Se o acto for praticado nos três dias subsequentes que a
lei admite, mediante pagamento de multa, haverá, aí, apenas uma outra excepção à
exigência da prática do acto no decurso do prazo, para além da excepção do
próprio justo impedimento. A cumulação da excepção à regra do prazo, através do
pagamento de multa, nos três dias subsequentes com a excepção do justo
impedimento enfraqueceria o sentido e a função da cominação de um prazo
peremptório e a excepcionalidade do prazo suplementar. À possibilidade
excepcional de praticar o acto no prazo suplementar acresceria a de o praticar
fora deste prazo por justo impedimento ocorrido fora do prazo geral e durante o
prazo suplementar, ampliando-se, por analogia, a excepção normativa (contra o
disposto no artigo 11º do Código Civil).
Poderá, pois, concluir-se que a lei não admite a
invocação de um 'justo impedimento' ocorrido no período suplementar de três dias
previsto no nº 5 do artigo 145º do Código de Processo Civil. Não se trata aqui
de estabelecer distinções onde a lei não distingue, mas de alcançar o correcto
sentido das normas.
8. Porém, mesmo que se admita interpretação jurídica
diversa, segundo a qual o justo impedimento é invocável '... dentro dos três
dias úteis subsequentes ao termo do prazo ...' (artigo 145º, nº 5, do Código de
Processo Civil) - o que não dispensará, obviamente, a parte que o alegar do
pagamento da correspondente multa processual -, deverá concluir‑se, no caso sub
judicio, que ele não ocorreu.
Com efeito, do atestado médico apresentado pelo
mandatário do recorrente não se infere a impossibilidade de apresentação do
requerimento de resposta ao convite para aperfeiçoamento, durante o terceiro dia
do prazo suplementar. Tal atestado apenas declara que o mandatário do recorrente
se encontrou, por período indeterminado, que abrangeu parte da tarde de um dia,
doente (com afectação da actividade profissional). E o recorrente afirma, ao
alegar o justo impedimento, que a situação de doença cessou às 15 horas.
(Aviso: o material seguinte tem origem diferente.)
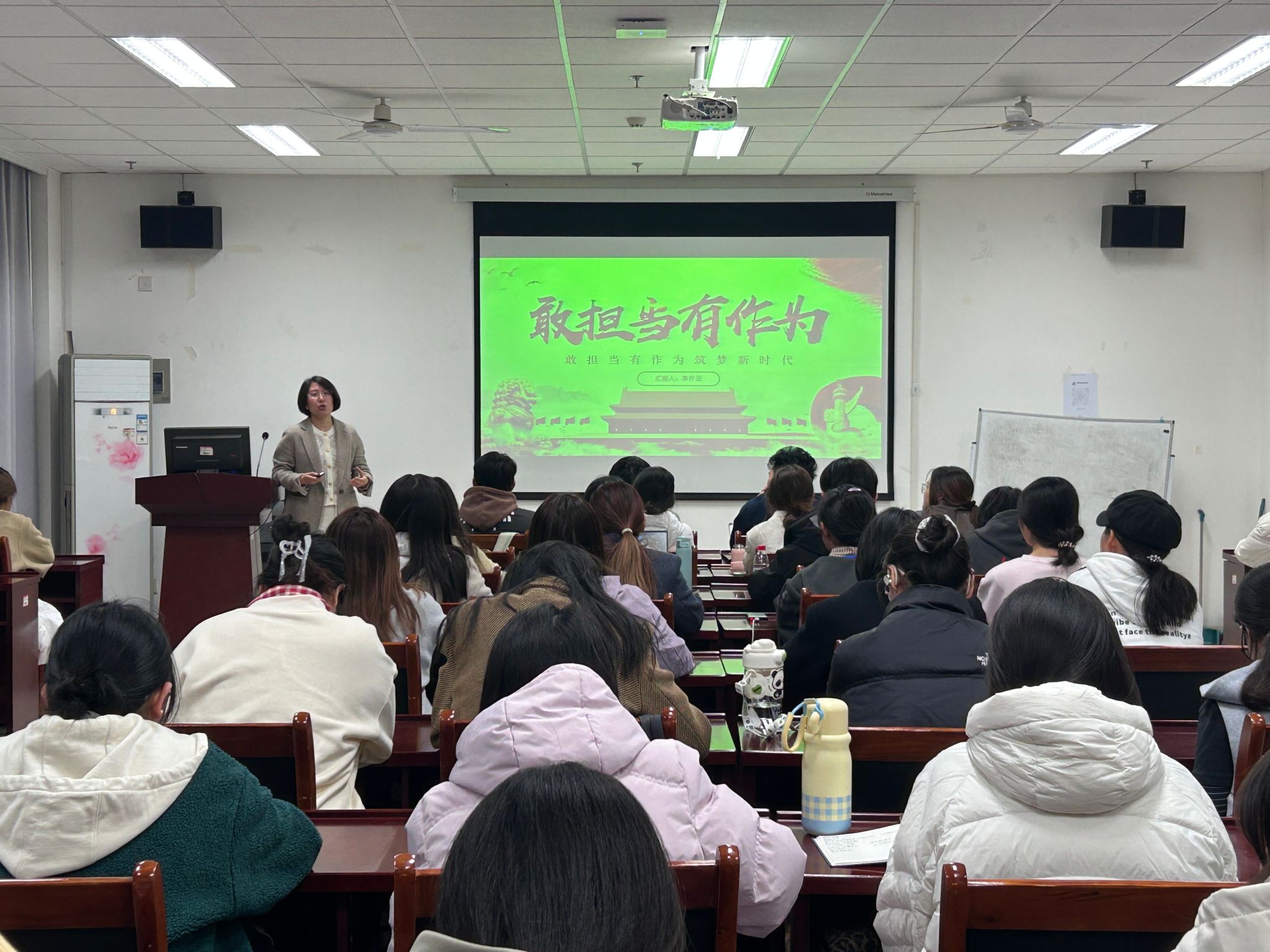 张宝华以“学习《中国共产党纪律处分条例》”为主题,结合近年来全面从严治党典型案例,深入剖析反腐败斗争的长效机制。她强调,同学们要从思想源头抵制诱惑,严守廉洁底线,将纪律意识内化为行为准则。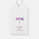 Ein modernes Dankeschön-Tag mit einem lila Wasserfarben-Libellen mit grauem und lila Text. Personalisieren Sie Ihre persönlichen Daten mit dem Namen Ihres Kindes.

Deste modo, o mandatário do recorrente terá estado
doente, por tempo indeterminado, entre as 12 e as 15 horas. Assim, é
inquestionável que ele poderia ter apresentado o requerimento no próprio
terceiro dia de prazo suplementar, tanto de manhã como de tarde. E, por outro
lado, não provou sequer que a doença temporária que o afectou na tarde desse dia
tenha ocorrido durante o período de funcionamento da Secretaria do Tribunal
Constitucional, que está encerrada entre as 12 e as 14 horas.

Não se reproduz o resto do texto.